Last year around this time I learned what twilight is. I was visiting my friends' farm in the evening and made note to another visitor that I loved this time of day. She told me it is called twilight. 

Just a couple of weeks ago my friend Dawn and I went camping in Harrison. Again, just as before, I noted how lovely I thought the twilight was. Dawn proceeded to tell me that she thought twilight was a time in the morning, while I thought it was a time in the evening. 

I hesitated to ask her to get out her smart phone to ease our wondering, but in our curiosity got the best of us. Each one of us thought we knew what we were talking about. 

What Dawn read out was quite enlightening. 
twi·light  (twlt)
n.
1.
a. The diffused light from the sky during the early evening or early morning when the sun is below the horizon and its light is refracted by the earth's atmosphere.


Turned out, we were both right. Twilight happens during two times of the day. How often are you arguing a fact with a person does the result turn out that you are both right? In my experience, not often. What if we lived in a world where this happened more frequently? In beliefs that is. What if we all just understood that we are both right. We all can be right and no one has to be wrong. 

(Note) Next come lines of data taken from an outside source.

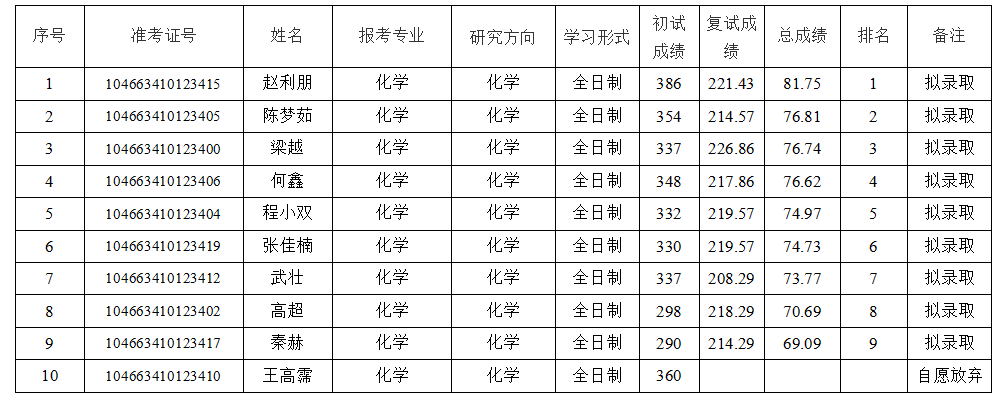 肉漫屋 化学专业2023年硕士研究生复试结果公示(一志愿)
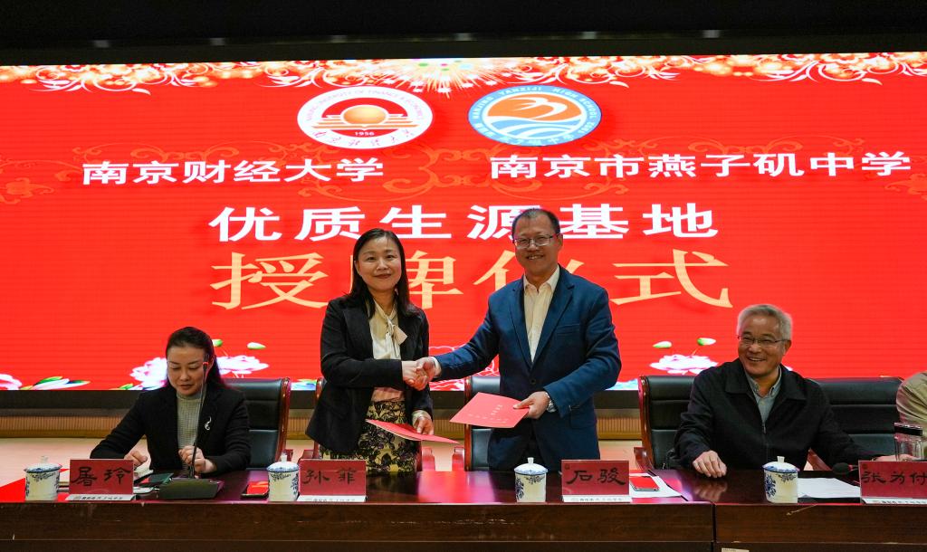 随后,孙菲副处长和石骏校长签署了《南京财经大学与南京市燕子矶中学优质生源基地建设协议书》,张为付副校长为南京市燕子矶中学优质生源基地授牌。
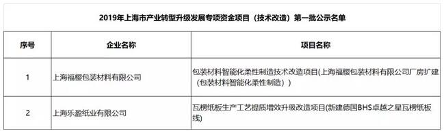 導(dǎo)語(yǔ):5月28日,上海市經(jīng)信局發(fā)布2019年上海市產(chǎn)業(yè)轉(zhuǎn)型升級(jí)發(fā)展專(zhuān)項(xiàng)資金項(xiàng)目,上海福櫻包裝材料有限公司和上海樂(lè)盈紙業(yè)有限公司的相關(guān)項(xiàng)目入圍。
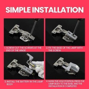 ✔ Effortless Installation: Say goodbye to complex installations. Lighteme easily fits hinges as shown in the picture. Simply screw off the hinge’s screw. mount the LED light base. and you’re ready to go!
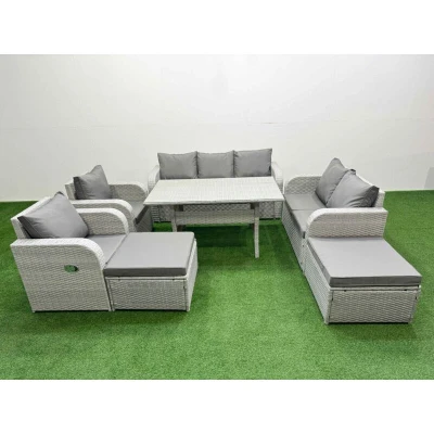 General description This deluxe PE rattan sofa set is a great addition to your patio or garden, made of high-quality PE rattan and durable galvanized steel. The set includes reclining chairs, a love seat, a three-seater sofa, footstools, and a dining table, all designed for comfort and style. Technical specifications 2 x Reclining chairs Size: 74W x 69D x 79H cm 1 x Love Sofa Size: 124W x 67D x 79H cm 1 x 3 Seater Sofa Size: 177W x 67D x 79H cm 2 x Big footstool Size: 65L x 65W x 34H cm 1 x Dining Table Size: 140L x 80W x 68H cm Sofa Weight Capacity: 250kg Table Weight Capacity: 80kg Color: Light grey rattan with dark grey fabric Installation Items come flat packed and are easy to assemble. The set features sturdy galvanized steel tube metal frames with powder coating to prevent rust. Usage The two armchairs are adjustable, allowing you to change the inclination of the chair back from 90° to 130° using a button. The ergonomic high back and reclining design provide extra comfort. The
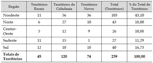 Os dois programas mais conhecidos nessa direção são o Pronat, que passou a vigorar em 2004, e o Programa Territórios da Cidadania (PTC) instituído em 2008. O Quadro 5 traz os dados sobre o total de territórios por região do país. Há um total de 239 territórios, sendo 120 do PTC, concentrados na Região Nordeste (43,1% do total). O número atualizado em 2017 pela Secretaria Especial de Agricultura Familiar e do Desenvolvimento Agrário (SEAD), vinculada à Casa Civil (depois da extinção do MDA e, consequentemente da Secretaria de Desenvolvimento Territorial – SDT, com a crise e o desmonte das políticas agrárias em 2016), é de 246 territórios (127 ligados ao PTC), sendo 42,68% deles localizados na Região Nordeste (SEAD, 2017).
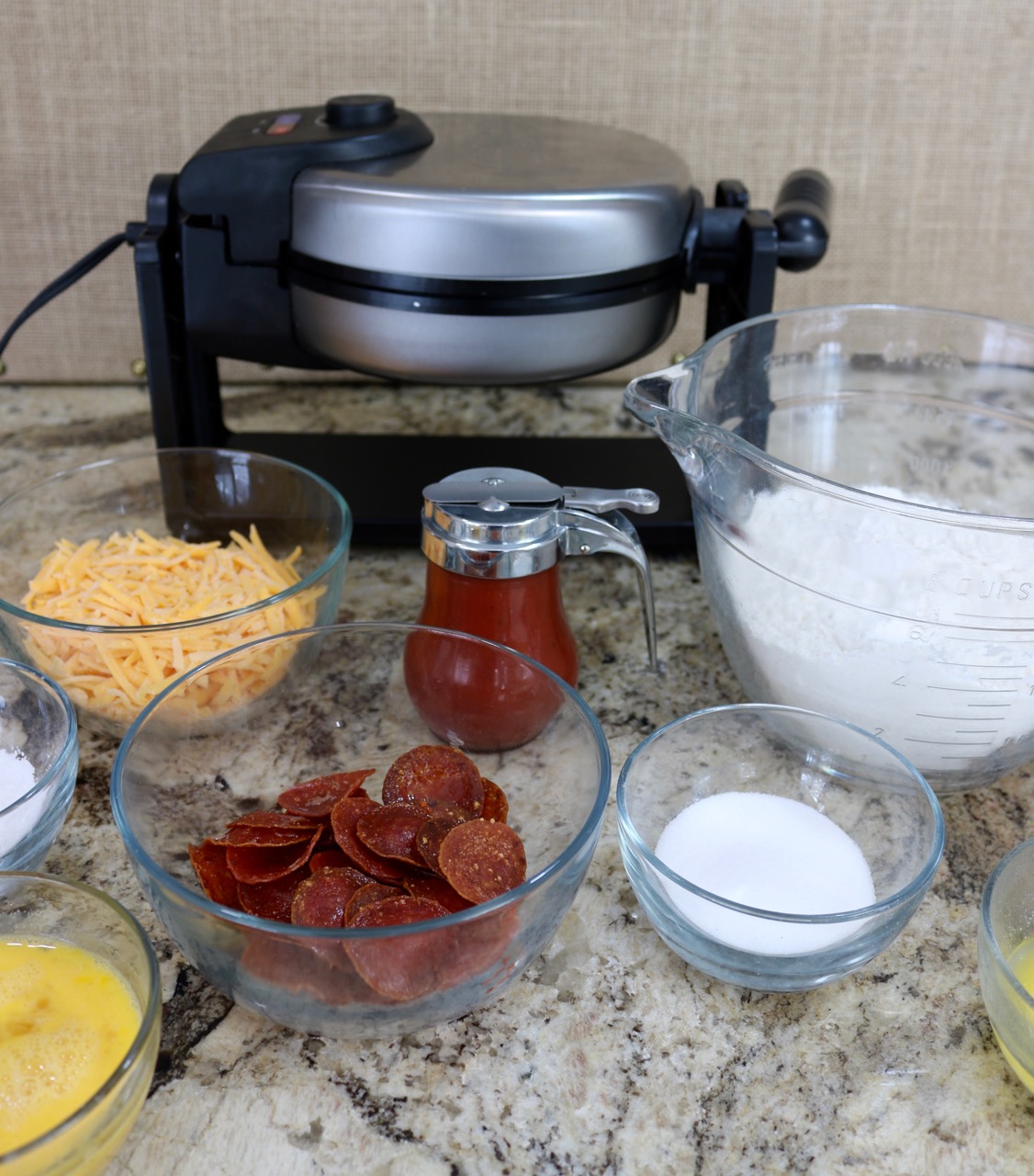 Step 5: Add your toppings to create Waffle Pizza. I topped our Waffle Pizza with marinara sauce, pepperoni and cheese. I precooked the pepperonis in a pan to make sure they were crispy (the way our family likes them). You can customize the pizza any way you like. Try Hawaiian style, or three-cheese, or meat-lovers. With all the little pockets there’s room for loads of veggies, meats and cheeses.
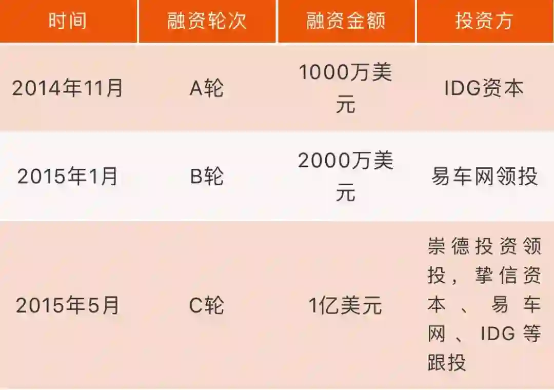 随后,嘀嗒出行又快速拿到两轮融资。2015年1月,嘀嗒出行获得易车领投的2000万美元B轮融资。同年5月,嘀嗒出行又宣称获得由崇德投资领投,挚信资本、易车网、IDG等跟投的1亿美元C轮融资。

Tonight I took note of my twilight moment. It's an often all too quite period that is gone too fast. I spent it at the top of Cascades Hill, leaned against a tree, reading a book among the sounds of the park. A father and his boys playing baseball to my side, two young kids hurling down the hill, a group of people learning to dance in the band shell. As the sun's put life into everything in sight, I looked on as the Earth seemed to be glowing. I smiled to myself and remembered why twilight is my favorite part of the day.